------ Entries shown

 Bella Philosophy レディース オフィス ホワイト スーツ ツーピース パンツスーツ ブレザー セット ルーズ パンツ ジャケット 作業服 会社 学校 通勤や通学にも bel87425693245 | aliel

------------
------ Entries shown

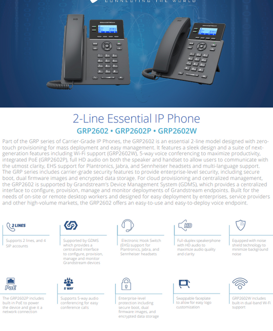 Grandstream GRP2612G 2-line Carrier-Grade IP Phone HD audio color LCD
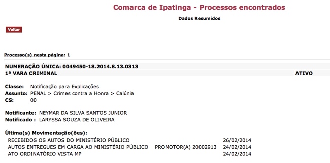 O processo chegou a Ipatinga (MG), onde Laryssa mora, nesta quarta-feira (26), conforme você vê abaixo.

------------

• _Task item_:
Everything above from the line with "Grandstream GRP2612G 2-line" through the line with "O processo chegou" should be retyped exactly, and nothing else; omit pictures.

• _Exercise response_:
 Grandstream GRP2612G 2-line Carrier-Grade IP Phone HD audio color LCD
 O processo chegou a Ipatinga (MG), onde Laryssa mora, nesta quarta-feira (26), conforme você vê abaixo.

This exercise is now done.